*** RECORDS Section Begins ***
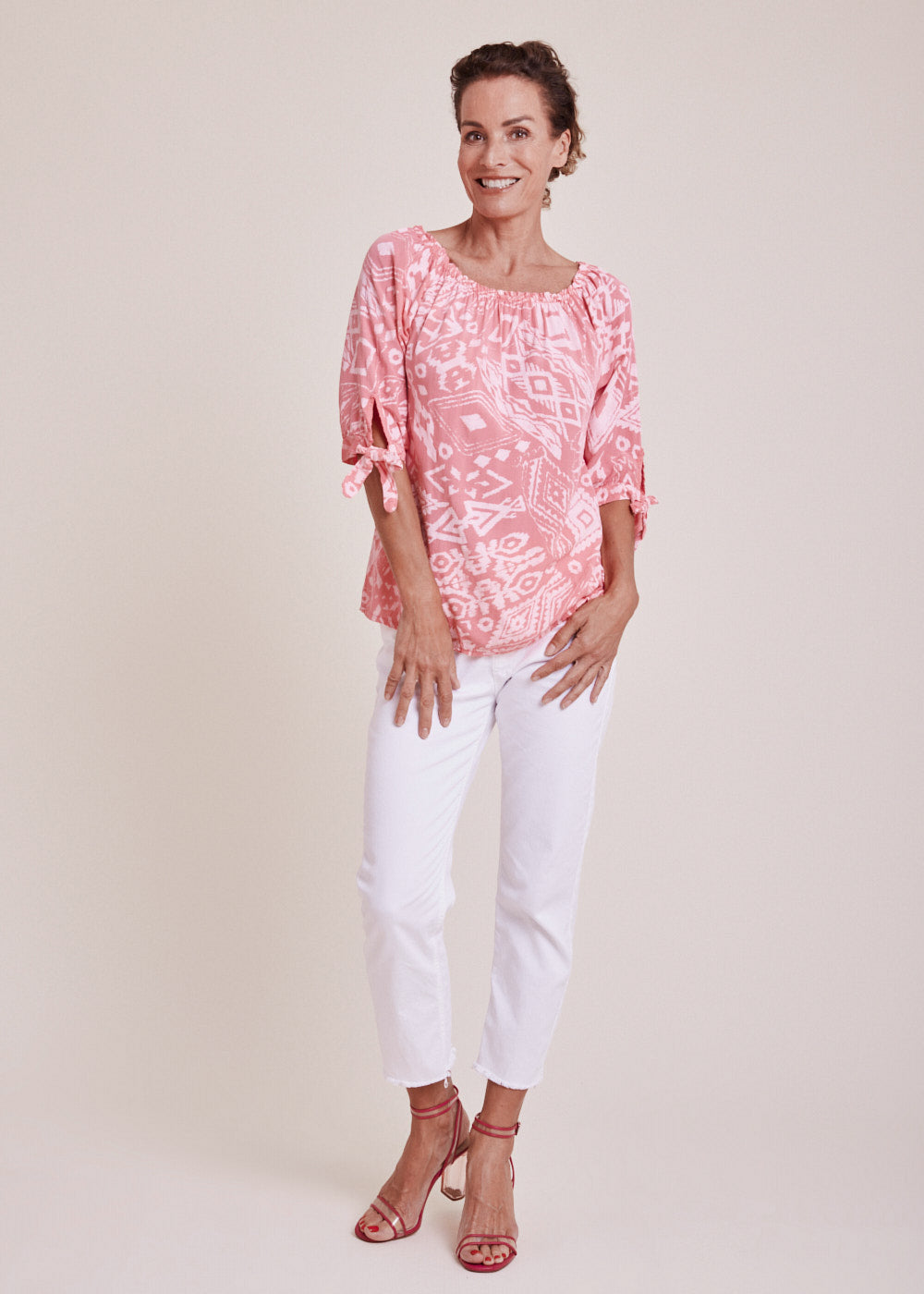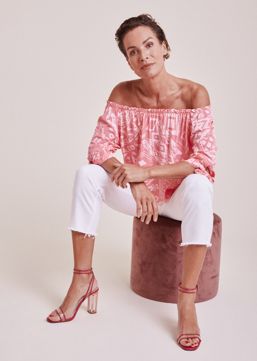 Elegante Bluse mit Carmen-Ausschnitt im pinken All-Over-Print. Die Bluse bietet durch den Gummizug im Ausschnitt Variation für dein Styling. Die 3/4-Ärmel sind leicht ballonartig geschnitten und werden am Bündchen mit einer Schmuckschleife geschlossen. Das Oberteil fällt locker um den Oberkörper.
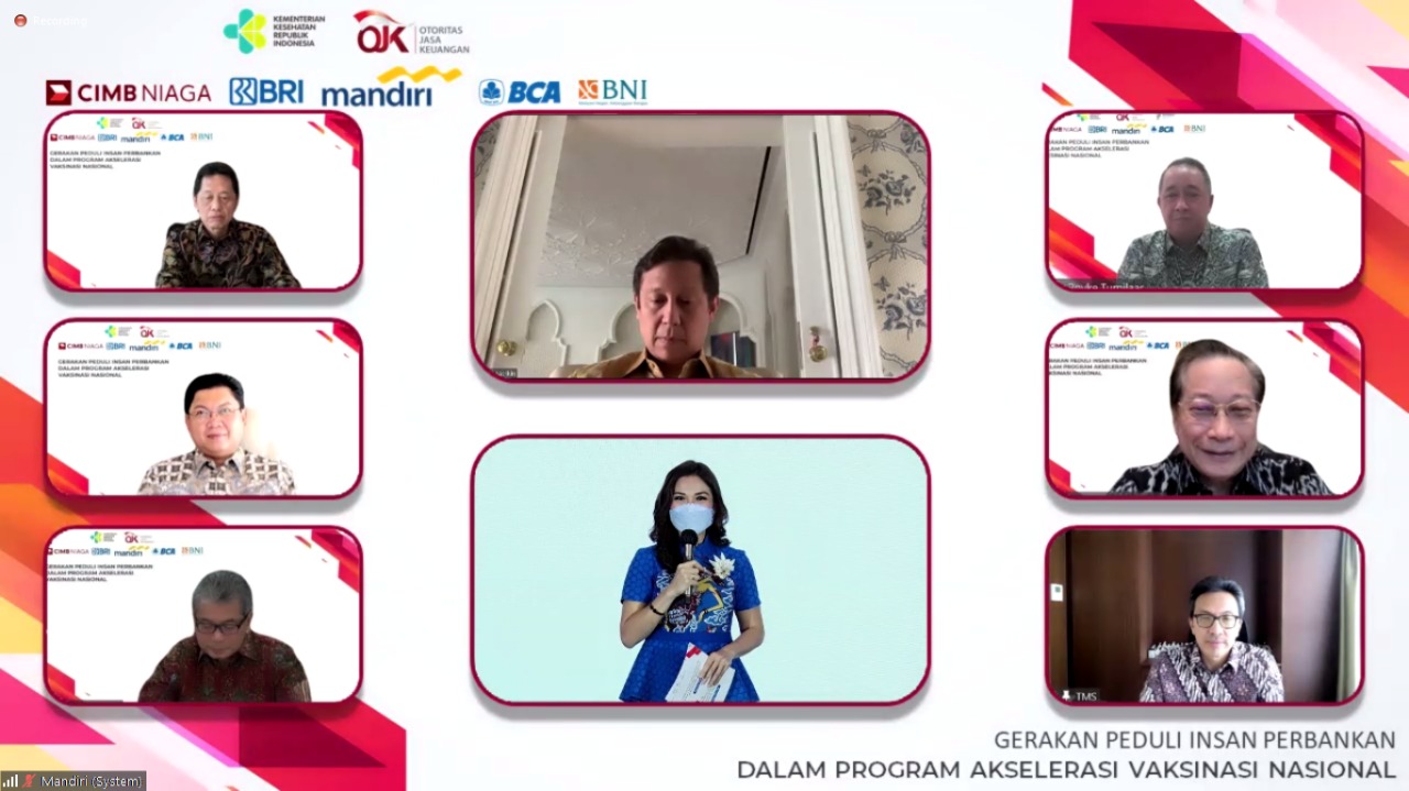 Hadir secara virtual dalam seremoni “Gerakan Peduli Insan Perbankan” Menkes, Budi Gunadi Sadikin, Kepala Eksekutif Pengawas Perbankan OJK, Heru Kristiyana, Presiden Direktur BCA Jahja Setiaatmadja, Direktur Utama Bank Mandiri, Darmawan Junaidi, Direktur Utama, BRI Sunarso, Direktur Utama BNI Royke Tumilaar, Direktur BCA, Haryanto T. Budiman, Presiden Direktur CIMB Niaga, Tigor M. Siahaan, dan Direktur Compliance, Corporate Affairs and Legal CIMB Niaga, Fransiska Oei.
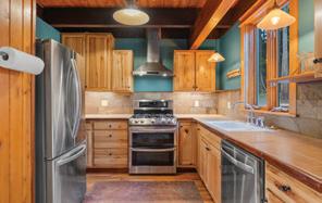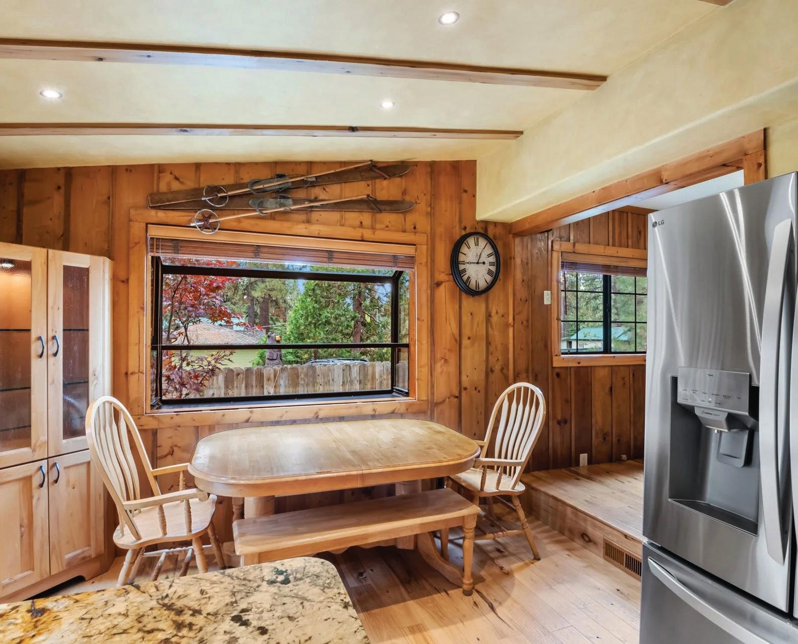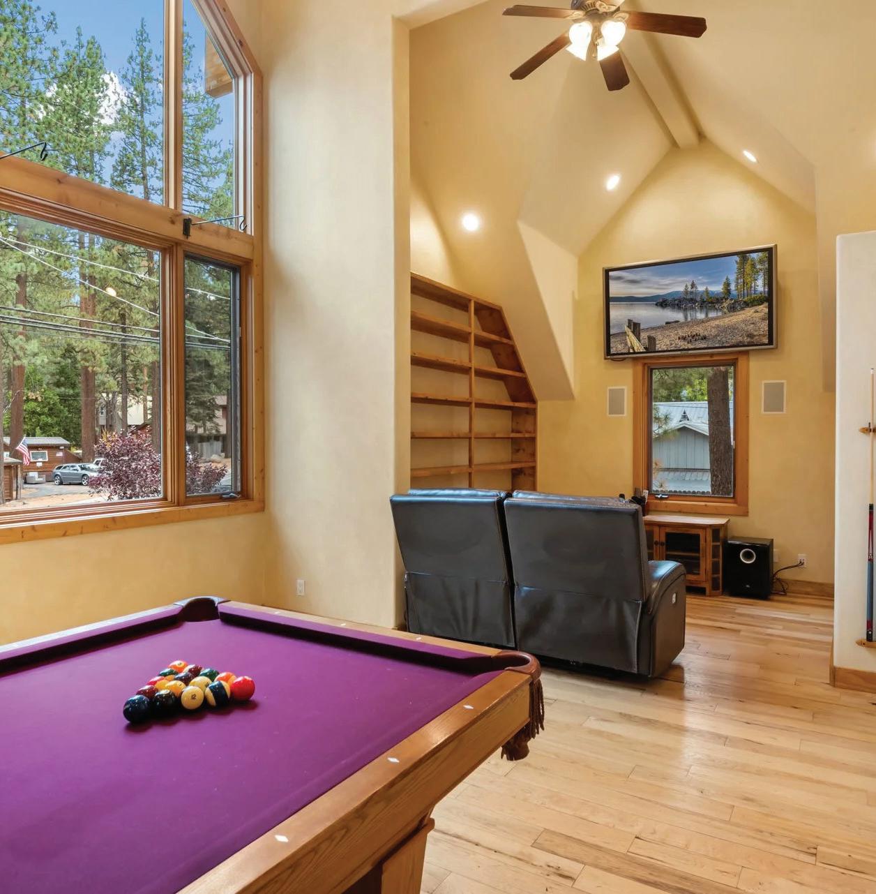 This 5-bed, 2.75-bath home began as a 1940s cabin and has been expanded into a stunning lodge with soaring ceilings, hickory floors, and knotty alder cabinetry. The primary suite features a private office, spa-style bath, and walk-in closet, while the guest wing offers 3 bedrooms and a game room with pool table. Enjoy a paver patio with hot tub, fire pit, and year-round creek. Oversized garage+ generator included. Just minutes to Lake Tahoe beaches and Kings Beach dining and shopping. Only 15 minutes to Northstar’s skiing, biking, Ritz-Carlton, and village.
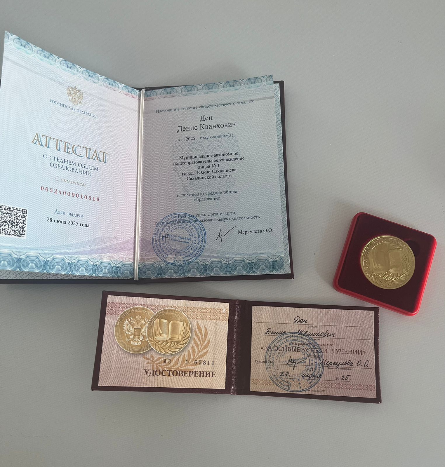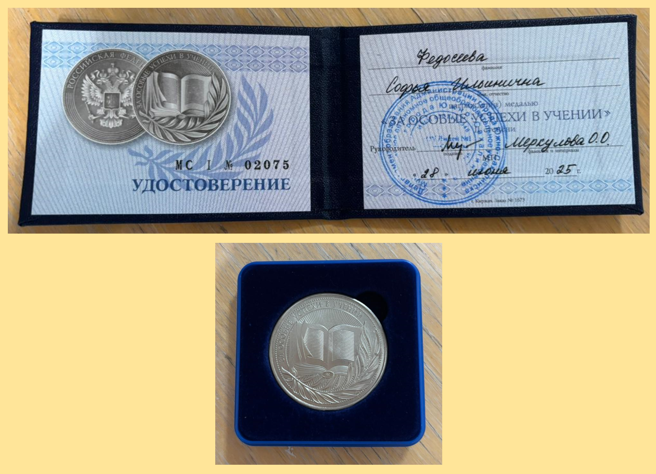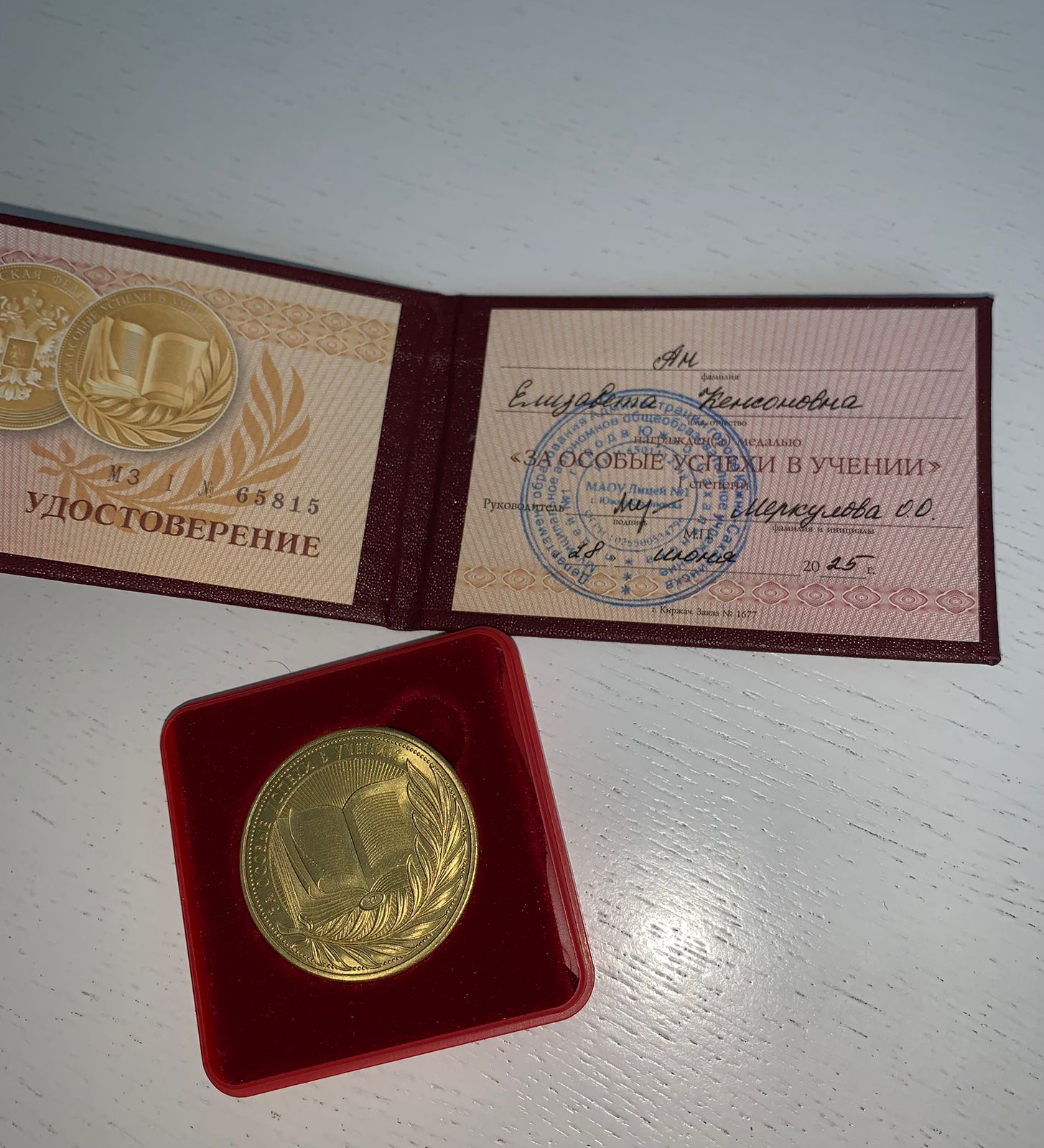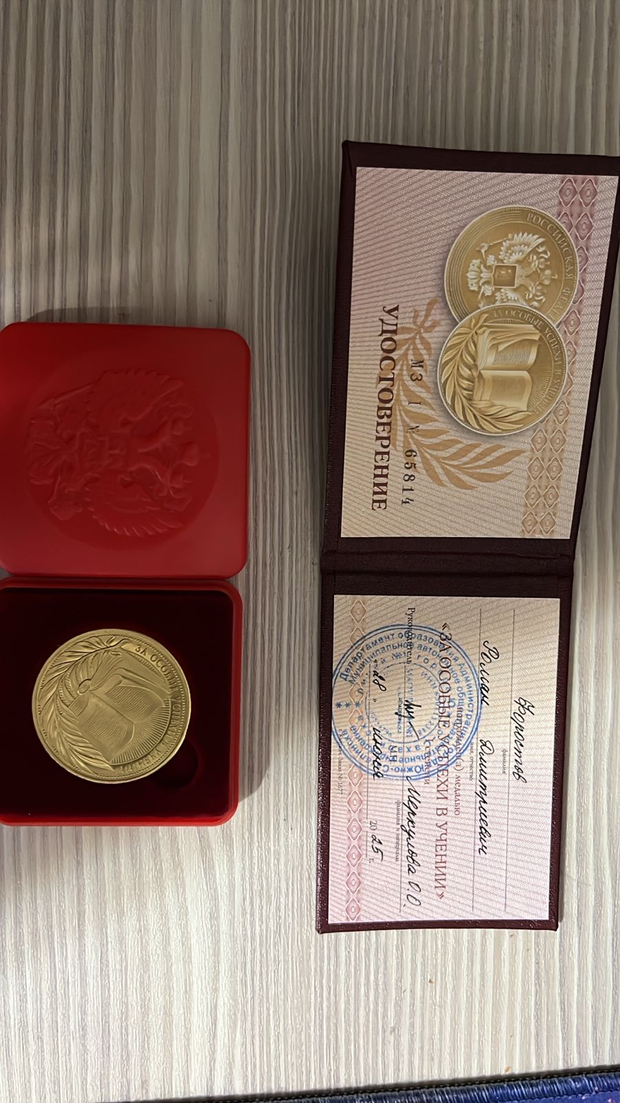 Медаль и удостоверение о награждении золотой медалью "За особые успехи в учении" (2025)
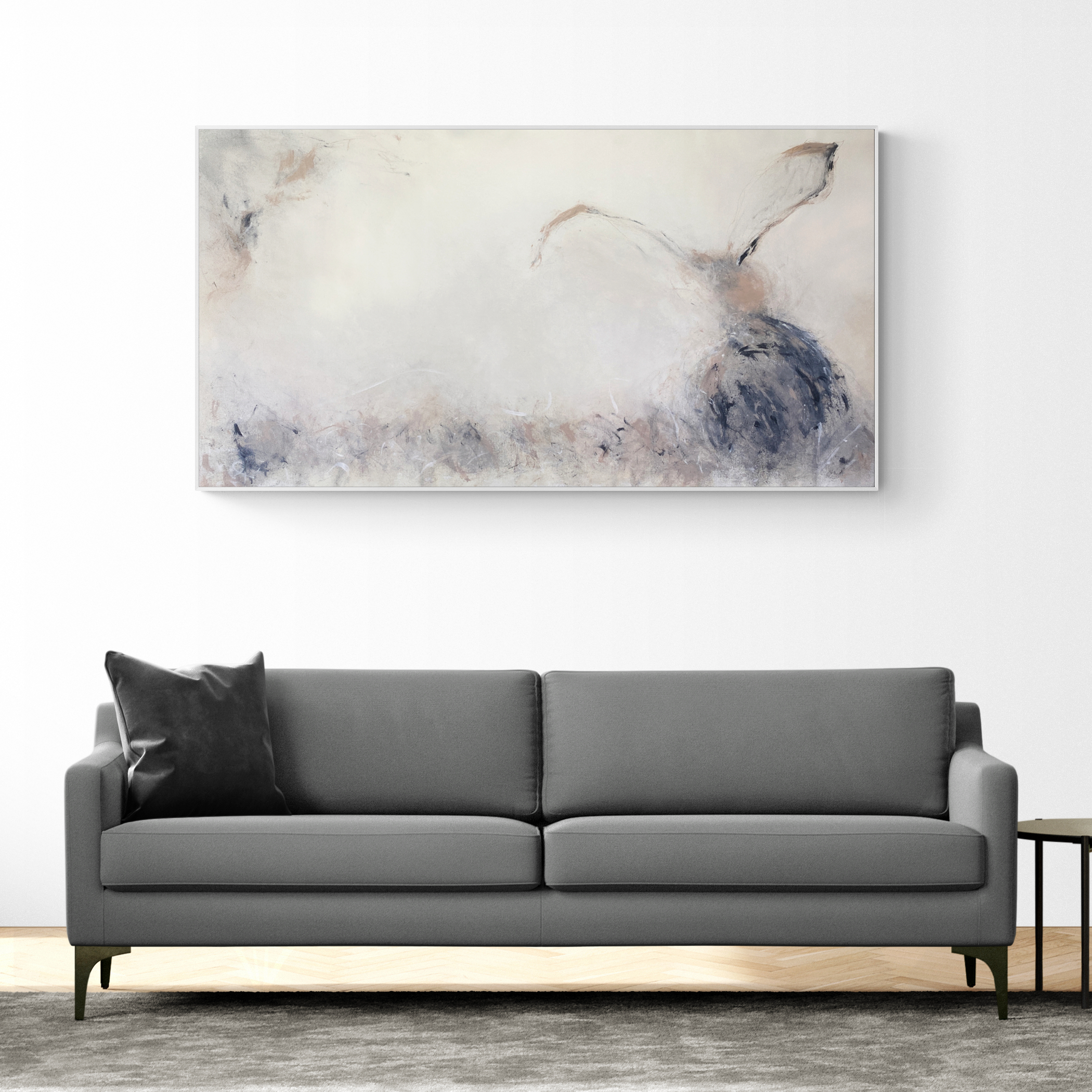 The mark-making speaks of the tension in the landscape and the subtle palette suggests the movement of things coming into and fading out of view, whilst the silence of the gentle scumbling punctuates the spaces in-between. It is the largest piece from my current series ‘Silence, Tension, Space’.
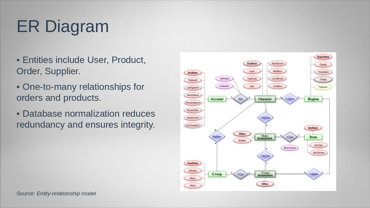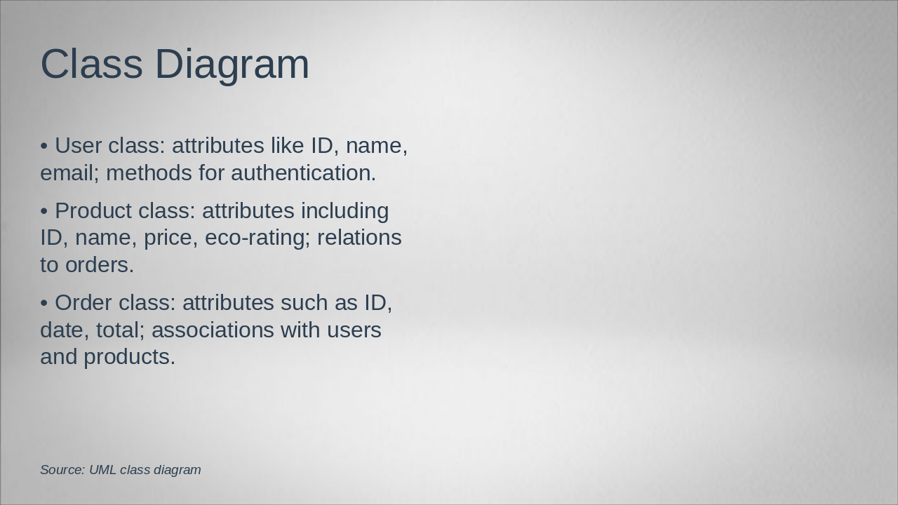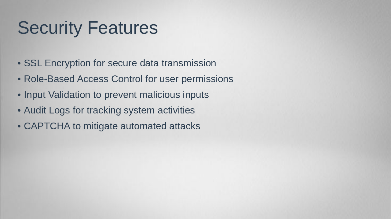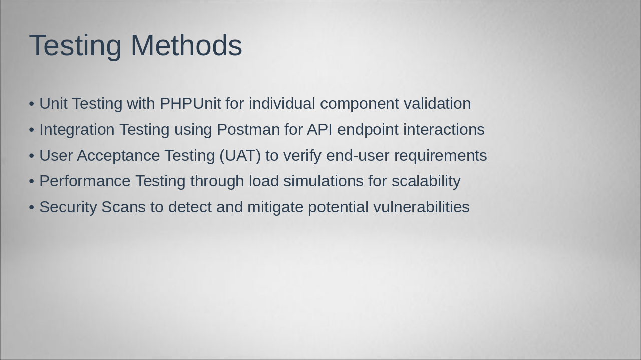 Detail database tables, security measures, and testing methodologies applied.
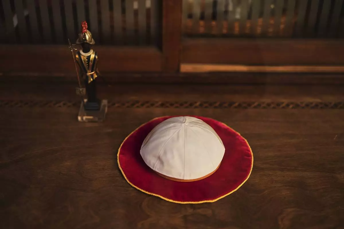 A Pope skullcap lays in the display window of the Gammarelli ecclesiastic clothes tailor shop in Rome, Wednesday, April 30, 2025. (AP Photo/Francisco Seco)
*** RECORDS Section Ends ***
> [TASK TO CARRY OUT]
Give back the material word for word, without images.

> [EXERCISE RESULT]
 Elegante Bluse mit Carmen-Ausschnitt im pinken All-Over-Print. Die Bluse bietet durch den Gummizug im Ausschnitt Variation für dein Styling. Die 3/4-Ärmel sind leicht ballonartig geschnitten und werden am Bündchen mit einer Schmuckschleife geschlossen. Das Oberteil fällt locker um den Oberkörper.
 Hadir secara virtual dalam seremoni “Gerakan Peduli Insan Perbankan” Menkes, Budi Gunadi Sadikin, Kepala Eksekutif Pengawas Perbankan OJK, Heru Kristiyana, Presiden Direktur BCA Jahja Setiaatmadja, Direktur Utama Bank Mandiri, Darmawan Junaidi, Direktur Utama, BRI Sunarso, Direktur Utama BNI Royke Tumilaar, Direktur BCA, Haryanto T. Budiman, Presiden Direktur CIMB Niaga, Tigor M. Siahaan, dan Direktur Compliance, Corporate Affairs and Legal CIMB Niaga, Fransiska Oei.
 This 5-bed, 2.75-bath home began as a 1940s cabin and has been expanded into a stunning lodge with soaring ceilings, hickory floors, and knotty alder cabinetry. The primary suite features a private office, spa-style bath, and walk-in closet, while the guest wing offers 3 bedrooms and a game room with pool table. Enjoy a paver patio with hot tub, fire pit, and year-round creek. Oversized garage+ generator included. Just minutes to Lake Tahoe beaches and Kings Beach dining and shopping. Only 15 minutes to Northstar’s skiing, biking, Ritz-Carlton, and village.
 Медаль и удостоверение о награждении золотой медалью "За особые успехи в учении" (2025)
 The mark-making speaks of the tension in the landscape and the subtle palette suggests the movement of things coming into and fading out of view, whilst the silence of the gentle scumbling punctuates the spaces in-between. It is the largest piece from my current series ‘Silence, Tension, Space’.
 Detail database tables, security measures, and testing methodologies applied.
 A Pope skullcap lays in the display window of the Gammarelli ecclesiastic clothes tailor shop in Rome, Wednesday, April 30, 2025. (AP Photo/Francisco Seco)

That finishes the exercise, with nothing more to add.